Di belahan dunia lain, termasuk di Asia Tenggara, Indonesia tidak sendirian menerapkan aturan pemotongan gaji untuk pemain. Dua negara sepak bola besar lainnya di Asia Tenggara, Thailand dan Malaysia, juga menerapkan hal yang sama. Hanya saja, terjadi perbedaan cukup mencolok di dalamnya.
Di Malaysia dan Thailand, kebijakan pemotongan gaji sempat mendapatkan pertentangan dari para pemain. Namun, pihak federasi belum menentukan nominal resmi mengenai pemotongan gaji, meski sama-sama sepakat kompetisi dihentikan. Walau masih menimbulkan pertentangan antara klub, asosiasi pemain, dan liga, pemotongan gaji tetap dilakukan secara mandiri. Alhasil, tiap-tiap klub di sana menerapkan persentase yang berbeda-beda sesuai kesepakatan dengan pemain.
Pemangkasan gaji memang menjadi ide lumrah di tengah krisis finansial yang dialami klub-klub, termasuk di Indonesia. Terlebih hampir semua klub di Tanah Air tak memiliki aset. Mereka hanya mengandalkan sponsor dan berharap dari hak siar. Plus dari penjualan tiket yang kadang tak seberapa. Namun, pemangkasan gaji pemain 75 persen tak lantas bisa dimaklumi begitu saja.
PSSI sendiri telah mendapatkan surat dari FIFPro yang mempertanyakan kebijakan dalam pemotongan gaji tersebut. FIFPro, dalam surat bertanggal 4 April 2020, meminta penjelasan PSSI mengapa keputusan tersebut dikeluarkan tanpa berdiskusi dengan pemain melalui asosiasi pemain domestik, dalam hal ini adalah APPI. Ini tidak sejalan dengan praktik di tingkat internasional, seperti FIFPro yang selalu berdialog dengan FIFA dan Federasi Sepak Bola Asia (AFC). FIFPro pun meminta PSSI untuk segera menindaklanjuti situasi tersebut.

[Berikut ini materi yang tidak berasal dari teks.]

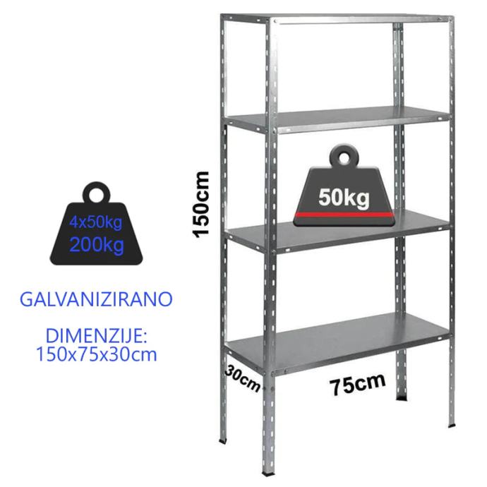 STALAŽA METALNA SA 4 POLICE 150*75*30 / UKUPNA NOSIVOST 200kg / GALVAN
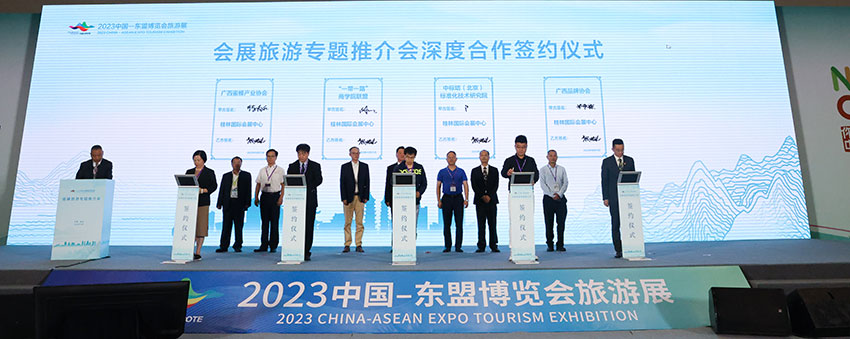 10月15日上午,由中國(guó)-東盟博覽會(huì)旅游展秘書處、首都會(huì)展集團(tuán)主辦,桂林市博覽事務(wù)發(fā)展中心、桂林城鄉(xiāng)建設(shè)控股集團(tuán)有限公司、桂林新城投資開發(fā)集團(tuán)有限公司、桂林宏謀國(guó)際會(huì)展服務(wù)有限公司、桂林米青傳媒科技有限公司聯(lián)合承辦的“2023中國(guó)-東盟博覽會(huì)旅游展會(huì)展旅游專題推介會(huì)”在桂林新國(guó)際會(huì)展中心4號(hào)展廳成功舉行。推介會(huì)當(dāng)天吸引了來(lái)自全國(guó)不同地區(qū)的學(xué)會(huì)、協(xié)會(huì)、會(huì)展相關(guān)企業(yè)等140余人參會(huì)。
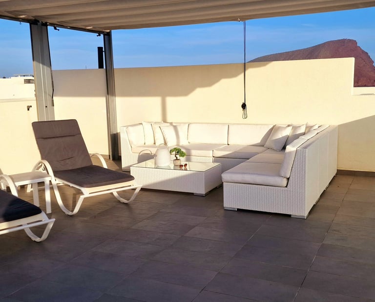 Ontsnap naar ons prachtige vakantie-appartement Las Terrazas in La Tejita, Tenerife! Dit schitterende appartement is dé ideale plek om te ontspannen en tot rust te komen. Met twee ruime privé-terrassen van totaal 100m2 die exclusief tot uw beschikking staan.
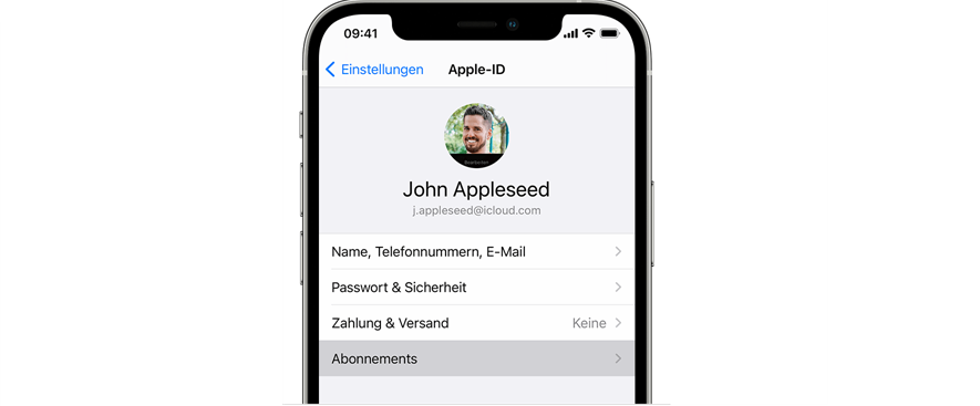 Um die Abonnements zu überprüfen, gehen Sie auf Ihrem iPhone zu Einstellungen > [Ihr Name] > Tippen Sie auf „Abonnements“, um zu sehen, ob das Abonnement abgelaufen ist. Wenn Sie die Option nicht sehen können, gehen Sie zu iTunes & App Store > Ihre Apple ID > Apple ID anzeigen, melden Sie sich an und scrollen Sie nach unten, um auf Abonnements zu tippen.
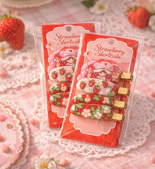 These Strawberry Shortcake–inspired hair clips are here to keep your bangs in line and your aesthetic on point. With sweet strawberry prints, floral vibes, and shiny gold clips, this set is basically nostalgia… but make it chaotic-cute. Each package comes in a set of 6 with 2 of each style clip.
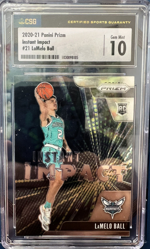 My StoreOriginal price $49.00 - Original price $49.00Original price$49.00$49.00 - $49.00Current price $49.00| /Out of stock2020-21Panini Prizm LaMelo Ball Rookie / Instant Impact 10 Gem Mint
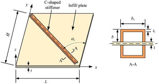 Stiffened plates are widely utilized in various fields such as civil engineering, automotive, shipbuilding, and aerospace [1,2,3]. The current research focuses on the buckling stability of stiffened plates under in-plane loading [4,5,6,7,8]. In structural engineering, stiffeners are used in beams, plates, shear walls, and other major structural members to improve structural performance [9]. The common forms of stiffened plates include transverse, longitudinal, and diagonal. In 1960, Timoshenko and Gere [10] systematically studied the buckling behavior of rectangular plates and derived the equilibrium equations of rectangular plates under single loads such as compression, bending, and shear. In addition, the relationship between flexure rigidity of stiffeners and critical buckling stress was analyzed for transversely and longitudinally stiffened plates, and the limit of the stiffness ratio was given, thus establishing the foundation for the research of buckling stability of stiffened plates. Mikami [11] and Yonezawa [12] investigated the buckling behavior of diagonally stiffened plates simply supported on four edges. Yuan et al. [13] considered the flexural rigidity of the open diagonal stiffeners, and studied the shear behavior of diagonally stiffened stainless-steel girders using the finite element (FE) software. Martins and Cardoso [14] also investigated how the torsional stiffness of closed-section stiffeners affects the shear buckling behavior of diagonally stiffened plates.
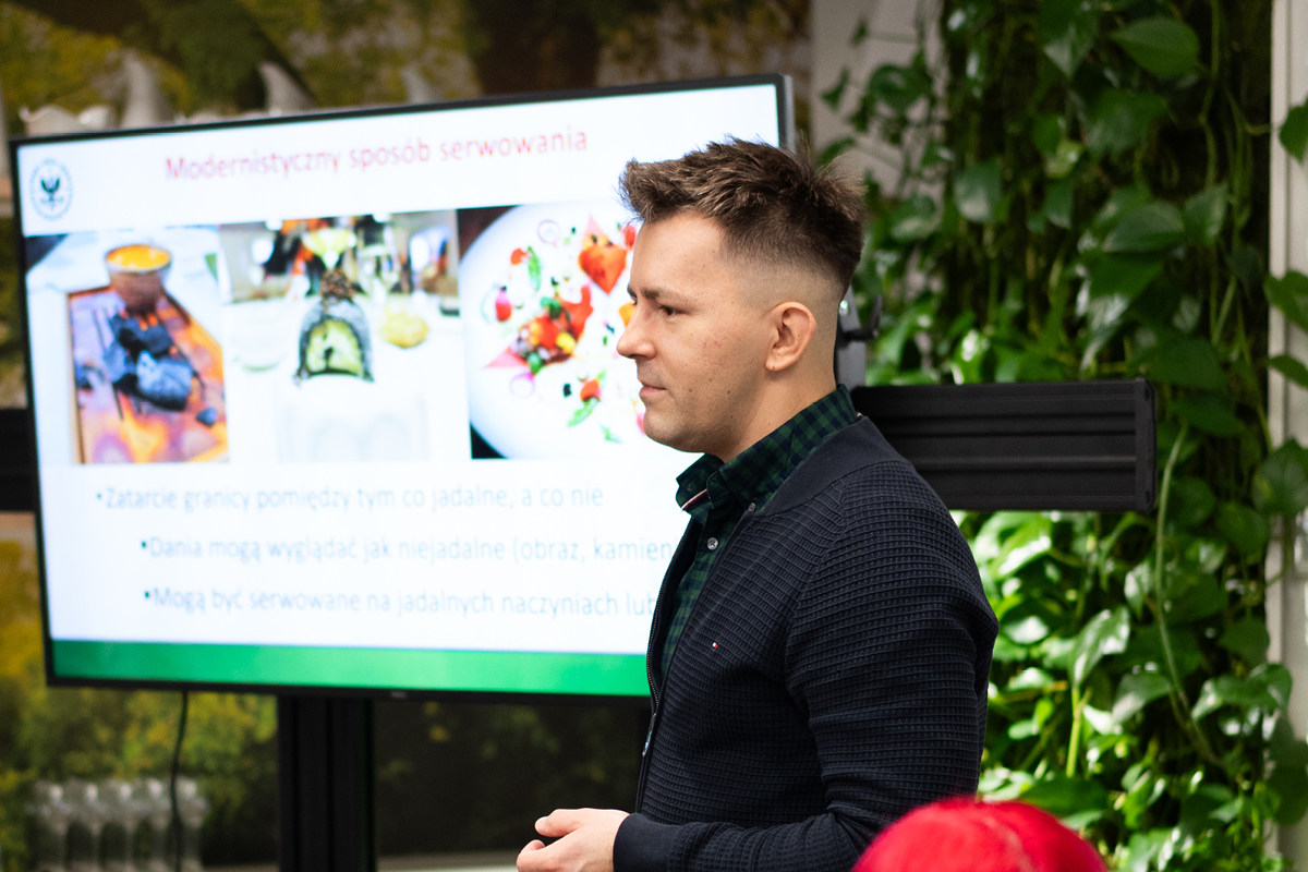 Dzień uzupełnił warsztat ekspercki z platingu, który poprowadził Artur Głuchowski – naukowiec i nauczyciel akademicki z SGGW, a także Patron Honorowy Akademii. Studenci zgłębiali tajniki estetyki talerza, proporcji i świadomego budowania kompozycji, ucząc się, że piękny talerz to integralna część kulinarnego doświadczenia.
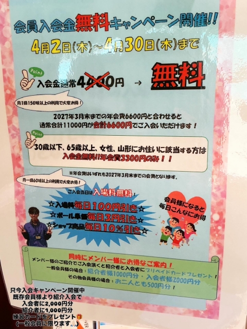 ホーム > お知らせ > 4月2日~30日入会金無料キャンペーン開催中
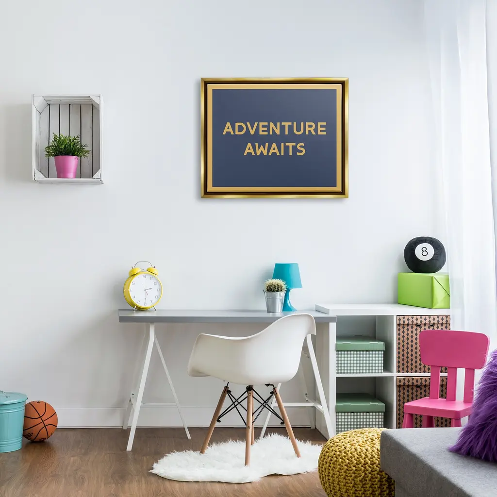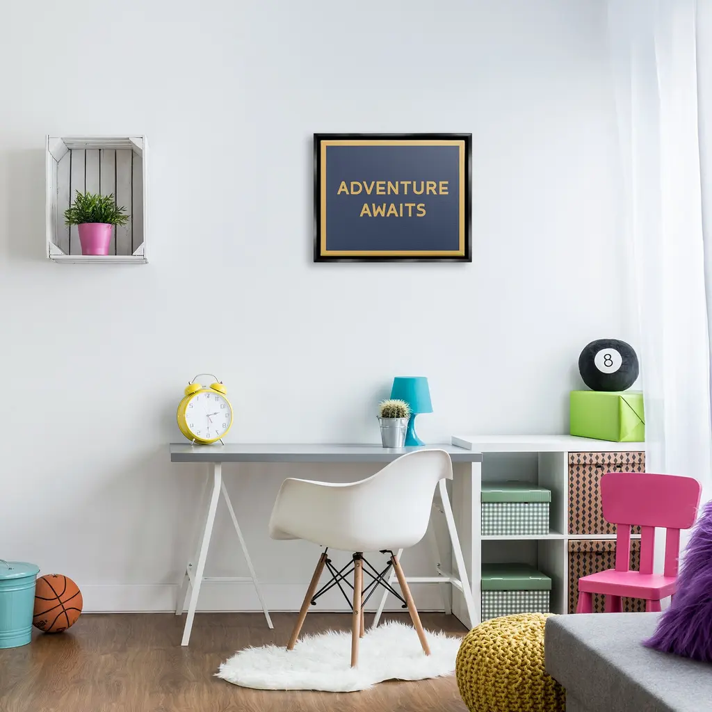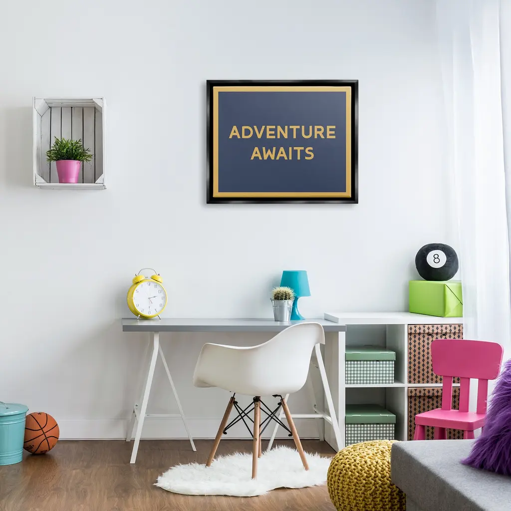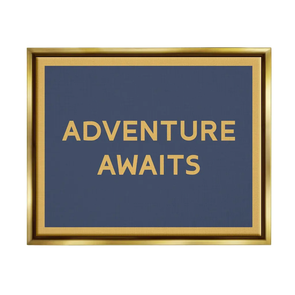 Elevate your home or office to the next level with Stupell Framed Floating Canvas Wall Art. Our premium hand-stretched canvas is mounted securely into a sturdy lightweight frame. The museum-style gap between the wrapped canvas and the box frame gives the illusion of floating artwork. Stupell Wall Art is made in the USA.Features: Dimensions: 21 x 1.7 x 17 Frame, 20 x 1.5 x 16 Canvas ArtFloating Frame Sizes Include Standard: 21 x 1.7 x 17 Oversized: 31 x 1.7 x 25Wall Art is Ready to Hang - No Installation or Hardware Needed. For Easy Set Up Lean or Layer Artwork on Shelf or Against Wall.Our elevated 1.7" Thick Floating Frame is the perfect complement to our canvas style Wall Art. We use only the highest quality inks in house with industry leading printing solutions. Canvas is hand stretched over a durable wood foundation and then mounted securly into a Modern Box Frame. Made in the USA.Artwork Relates To: Phrase, Motivational, Uplifting, Adventure AwaitsDesign by Lil' Rue
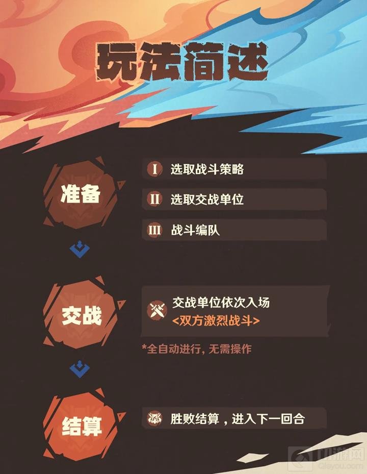 双方的交战单位将依照出场顺序自动入场,向对方行进,并自动发起攻击。击败对方所有单位即可获得胜利。
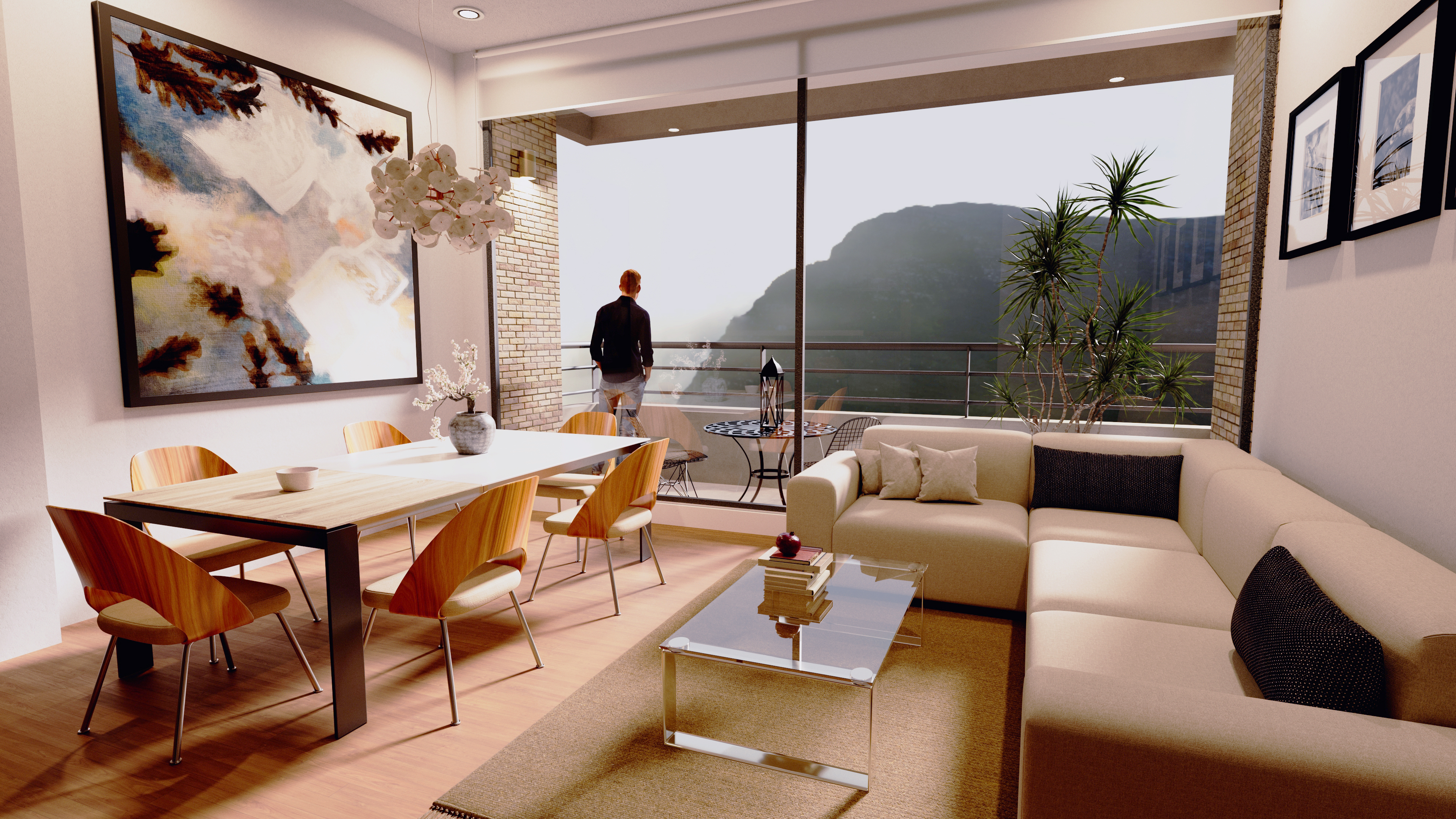 Ejemplo de una visualización arquitectónica: Cómo tal se intenta recrear en su totalidad la experiencia de estar en la sala de uno de los apartamentos que se busca vender, este se decora con mobiliario moderno que esté bien ubicado en relación a la cámara y se recrea un tiempo del día que le genere placer al cliente.

Sekarang bola ada di tangan PSSI untuk membuka jalan tengah berupa dialog atau musyawarah secara tripartit dengan klub dan pemain. Memang, dialog langsung tidak mudah dilakukan sekarang ini dalam kondisi pandemi covid-19 di Tanah Air. Meski demikian, pasti ada cara untuk bisa mempertemukan semua pihak dengan memanfaatkan teknologi.
Bisa dibilang, kesalahan terjadi di awal pengambilan keputusan karena pemain sebagai obyek tidak dilibatkan. Andaikan dilibatkan dari awal dan sudah menjadi kesepakatan bersama, tentu tidak akan terjadi penolakan. Karena itu sudah menjadi kesepakatan bersama dan para pemain sebenarnya juga paham dengan kondisi klub. Ini seperti masalah klasik lainnya yang kerap terjadi di Indonesia. Hanya masalah komunikasi.